Nasrin Afzali, from the University of Tehran, said that as far as the mullahs are concerned, the gaze of women on men’s bodies appears to be just as dangerous as the reverse.
She described some of the subterfuges young women use to get into the ironically named Freedom Stadium to watch their brothers play and contest their exclusion from a major public venue. Girls have dressed as boys, a ploy so notorious that it became the plot of an Iranian movie.
Yoav Di-Capua, a scholar at the University of Texas at Austin, was unable to get to Concordia in person, but his paper, read on his behalf, told an entertaining story about an Egyptian aviatrix, as they used to be called.
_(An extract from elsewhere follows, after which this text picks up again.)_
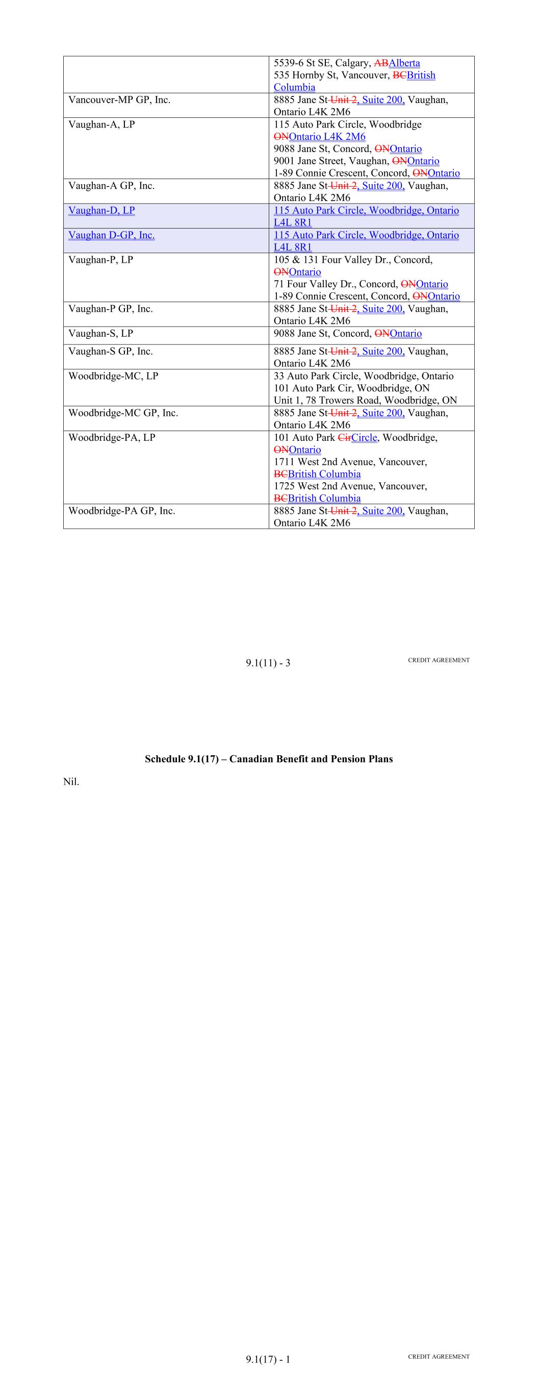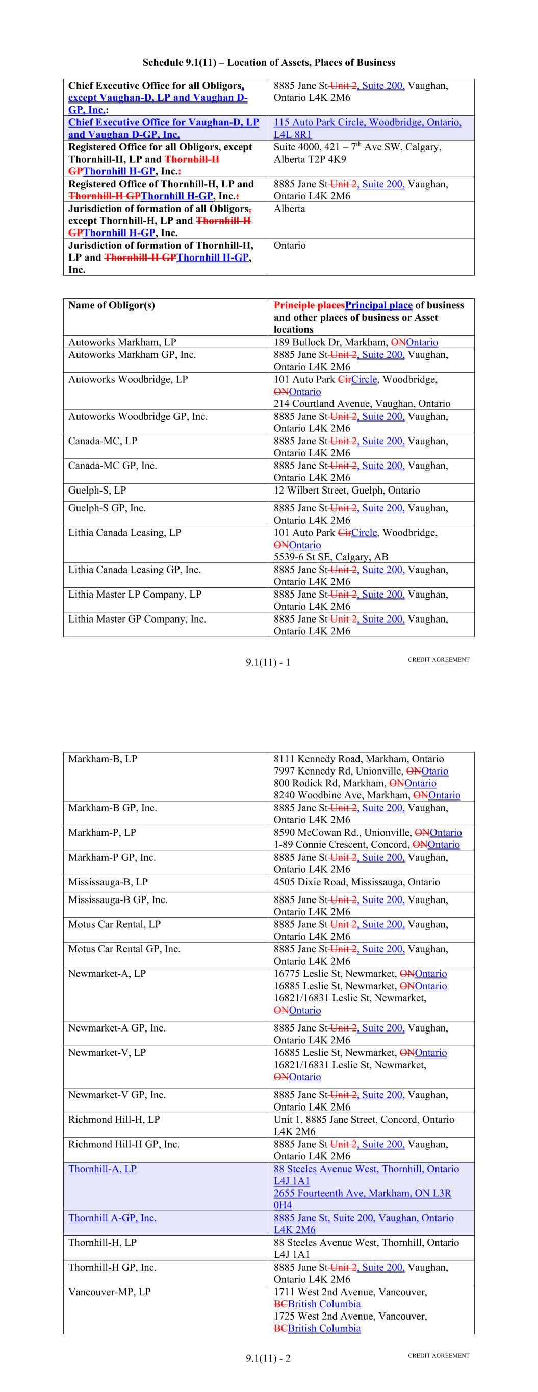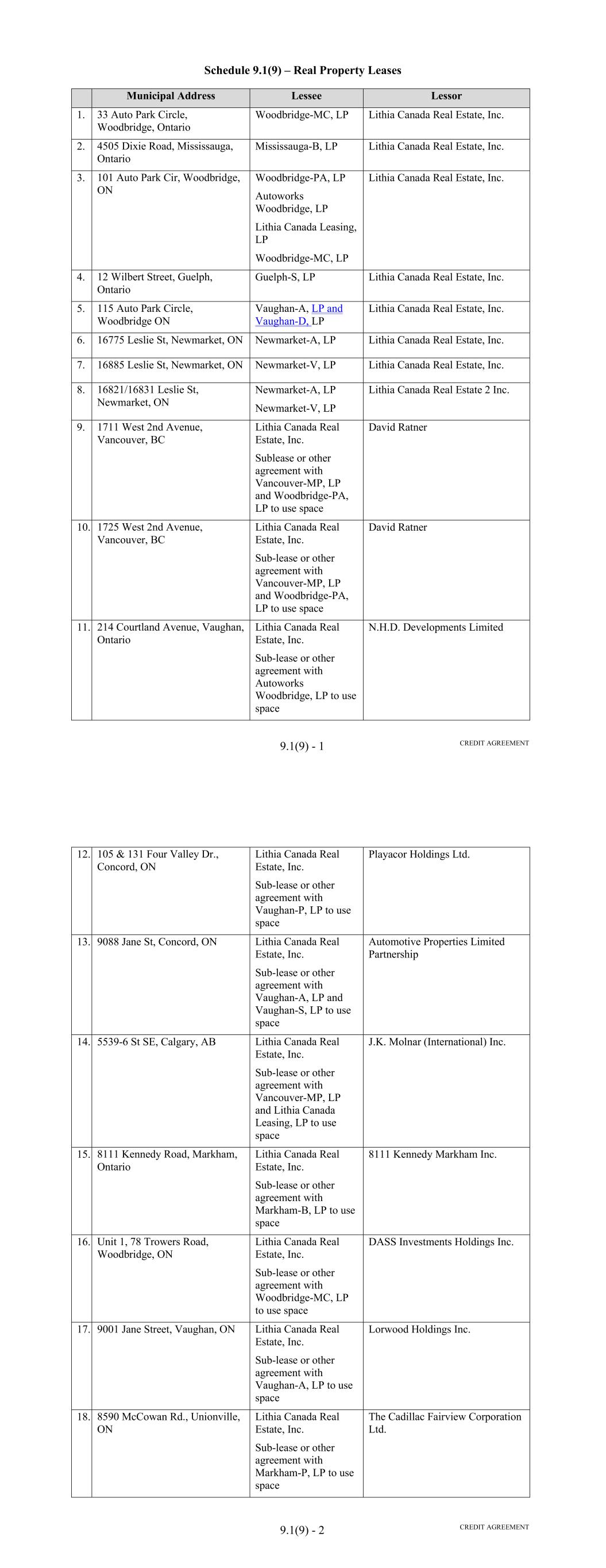 SD-1 9070 3 NJ City LP 0772 8 5911 Fresca Dr. NJ La Palma CA 9062 3 F7 0772 8 PC 811 Route 33 8700 Mercury Lane State Pico Rivera Freehold CA 9066 0 NJ 2A 0772 8 218 W. Yard Rd. F2 Feura Bush NY ZIP 1206 7 M1 811 Route 33 OPM# 000738 RM PG 26 South Middlesex Ave. Route 9W South Building ID Port Ewen Monroe NY Freehold 1246 6 NJ 2 0883 1 4561 Oak Fair Blvd. NJ Tampa FL 3361 0 M2 0772 8 5 26 South Middlesex Ave. 4758 Oak Fair Blvd. F1 Tampa Monroe FL 3361 0 NJ Address BT 0883 1 700 Burning Tree Rd. F3 Fullerton CA 811 Route 33 OPM# 000738 RM 9283 3 CR 811 Route 33 OPM# 000738 RM 1 12958 Midway Place 6298 W 44th Ave. SCHEDULE D LOCATION OF RECEIVABLE FILES Driveway Finance Corporation 150 North Bartlett Street Medford, OR 97501 Iron Mountain Information Management, LLC, at the following locations: Spokane Cerritos WA Freehold 9922 4 CA Freehold SCHEDULE E SCHEDULE OF DOCUMENTS 1. Loan Agreement, dated as of the Closing Date, by and among SCFC Business Services LLC, as borrower (the "Borrower"), Driveway Finance Corporation ("DFC"), as servicer (in such capacity, the "Servicer") and as collateral custodian for the Secured Parties (as defined therein), the Lenders from time to time parties thereto, the Agents for the Lender Groups (as defined therein) from time to time parties thereto (the "Agents"), and JPMorgan Chase Bank, N.A., as administrative agent for the Lenders and the Agents (the "Administrative Agent") and as account bank. 2. Purchase Agreement, dated as of the Closing Date, between DFC and the Borrower. 3. Escrow and Control Agreement, dated as of the Closing Date, among the Borrower, JPMorgan Chase Bank, N.A., as escrow agent and bank, and the Administrative Agent. 4. [Reserved]. 5. Fee Letter, dated as of the Closing Date, among DFC, the Borrower and the Administrative Agent. 6. Performance Guaranty of Lithia Motors, Inc., dated the Closing Date. 7. Power of Attorney, dated as of the Closing Date, from the Borrower to the Administrative Agent. 8. Opinion of Morgan, Lewis & Bockius LLP, dated the Closing Date, as to certain true sale matters. 9. Opinion of Morgan, Lewis & Bockius LLP, dated the Closing Date, as to certain non-consolidation sale matters. 10. Opinion of Morgan, Lewis & Bockius LLP, dated the Closing Date, as to certain security interest matters. 11. Opinion of Morgan, Lewis & Bockius LLP, dated the Closing Date, as to certain corporate matters, including an opinion as to the Volcker Rule. 12. Opinion of Stoel Rives LLP, dated the Closing Date, as to certain corporate and security interest matters under Oregon law. 13. Opinion of Fried, Frank, Harris, Shriver & Jacobson LLP, dated the Closing Date, as to certain matters relating to Lithia Motor, Inc. SF-1

Lutifa al-Nadi was the daughter of an effendi (upper-class) family in the 1930s. Egypt was run by the British then, and throughout Europe and the Americas, flying was all the rage. In fact, aviation was the pinnacle of technology, and embodied all that was dashing, modern, European and male — all that symbolically justified the colonization of Egypt.
Fascinated by the new sport, Lutifa hung out at Cairo’s elite aviation club, taking flying lessons on the sly and volunteering on the club’s telephone switchboard to disguise her real intentions. When an intercity race between Cairo and Alexandria took place, guess who came first? Lutifa emerged from the cockpit, her face wreathed in smiles, and was mobbed by adoring fans of both sexes.
Two other papers presented at the symposium looked at Muslim women and sport.
Hana Askren is an award-winning wrestler and a Concordia PhD candidate. She reminded the audience that not so long ago, football was closed to women in the West. In many European countries and for members of the national women’s baseball team in the United States, players were required to wear makeup on the field, presumably to reassure spectators that they were real women. Sociologists call this “feminine apologetics”.
Martha Saavedra, of the University of California at Berkeley, has compiled data on women and sport in Senegal, Sudan and Nigeria.
She found that the restrictions justified by religion and culture vary in these countries, and even in the regions within them. They appear to have more to do with the political and ideological context than with the way people understand their religion.